Texas Walmart shooting: El Paso attack 'appears to be hate crime'
A shooting at a supermarket in the US state of Texas that left 20 dead could have been a hate crime, officials say.
A 21-year-old white man was arrested at the Walmart store where the attack took place in the city of El Paso, near the US-Mexico border, on Saturday.
A document, apparently posted shortly before the attack and believed to have been written by the man, espoused white supremacist and racist views.
The tract called the attack a response to "the Hispanic invasion of Texas".
The man, who opened fire with an assault-style rifle, lived in Allen, Dallas, about 650 miles (1,046km) east of El Paso, police said. The attack also left 26 injured.
Officials have not offered a precise motive for the attack, but El Paso Police Chief Greg Allen said investigators were looking into a document that could indicate a "potential nexus to a hate crime".
He appeared to be referring to a text posted on 8chan, an online message board frequently used by the far right, which describes a "cultural and ethnic replacement brought on by an invasion", in reference to Hispanic people in the US.
The four-page document, believed to have been posted some 20 minutes before police received the first emergency call, also expresses support for the gunman who killed 51 people in Christchurch, New Zealand, in March.
Police said the man, who surrendered after being confronted by officers outside the store, was still being interviewed. US media has named him as Patrick Crusius.
"We're going to aggressively prosecute it both as capital murder but also as a hate crime, which is exactly what it appears to be," Texas Governor Greg Abbott told reporters.
The attack
The shooting is believed to be the eighth deadliest in modern US history, and took place in El Paso, where the majority of the population is of Hispanic descent.
The victims have not yet been named but Mexican President Andrés Manuel López Obrador said three Mexican nationals were among the dead.
CCTV images said to be of the gunman and broadcast on US media show an armed man in a dark T-shirt wearing ear protectors.

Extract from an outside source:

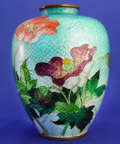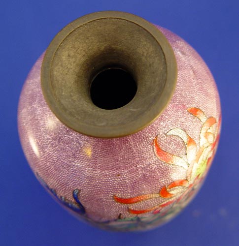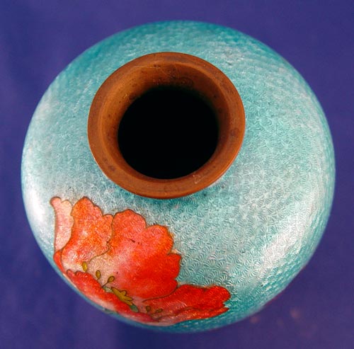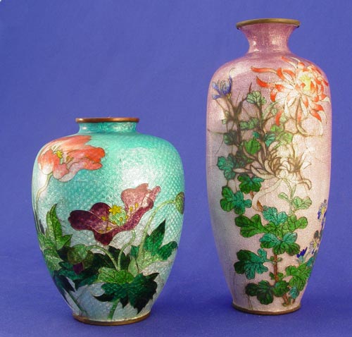 SIGNED JAPANESE GINBARI VASE PLUS EXTRA VASE: 1) Signed vase is lavender, 7''h. Please note cracks in lacquer. Bulbous turquoise vase, 4 3/4''.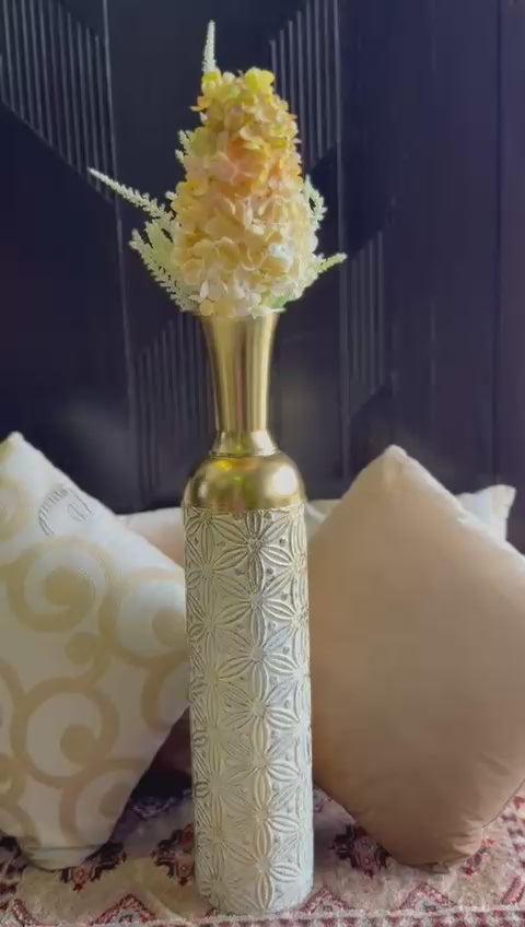 Enhance your home décor with this Elegant Gold Accented Floral Vase that offers a refined touch of class and sophistication. Standing tall, this vase features a stunning floral design on its base, blending a delicate white pattern with a gold accent for a luxurious finish. The vase is paired with beautiful pastel yellow flowers that offer an inviting and calming ambiance, adding a graceful touch to your living room, hallway, or bedroom.

Reports of an active shooter were received at 10:39 local time (16:39 GMT), and law enforcement officers were on the scene within six minutes, Mr Allen said.
The Walmart, near the Cielo Vista Mall, was full of shoppers buying back-to-school supplies at the time of the shooting.
"People were panicking and running, saying that there was a shooter," Kianna Long, who was at the store, told Reuters news agency. "They were running close to the floor, people were dropping on the floor."
Ms Long said she and her husband ran through a stock room before taking cover with other customers.
The attack came less than 24 hours before another mass shooting in Dayton, Ohio, and less than a week after a teenage gunman killed three people at a California food festival.
The reaction
US President Donald Trump described the attack as "an act of cowardice".
"I know that I stand with everyone in this country to condemn today's hateful act. There are no reasons or excuses that will ever justify killing innocent people," he wrote on Twitter.
Governor Abbott described it as "one of the most deadly days in the history of Texas".
The shooting has led to an outpouring of sympathy, but also fresh calls for gun control.
The attack is the second deadly shooting to take place in a Walmart store this week, after an ex-employee of the company killed two former co-workers at a Mississippi branch on Tuesday.
Walmart's CEO Doug McMillon posted on Instagram: "I can't believe I'm sending a note like this twice in one week. My heart aches for the community in El Paso."
Democratic presidential candidate Beto O'Rourke, an El Paso native, abandoned a campaign event in Las Vegas to return to his home town.
Earlier, he spoke at a labour forum, telling the crowd the shooting shattered any illusion that gun reform will "come of its own accord" in the US.
"We know that there's a lot of injury, a lot of suffering in El Paso right now."
Other Democratic presidential candidates also responded with calls for gun control.
New Jersey Senator Cory Booker was among them, saying the US seemed to be "accepting the idea that these [shootings] are going to be a regular occurrence".
Texas Attorney General Ken Paxton, however, said gun control would probably not have stopped the attack.
He added that if a "crazy" gunman launched such an attack, there was no way that law enforcement officers could be there to stop it.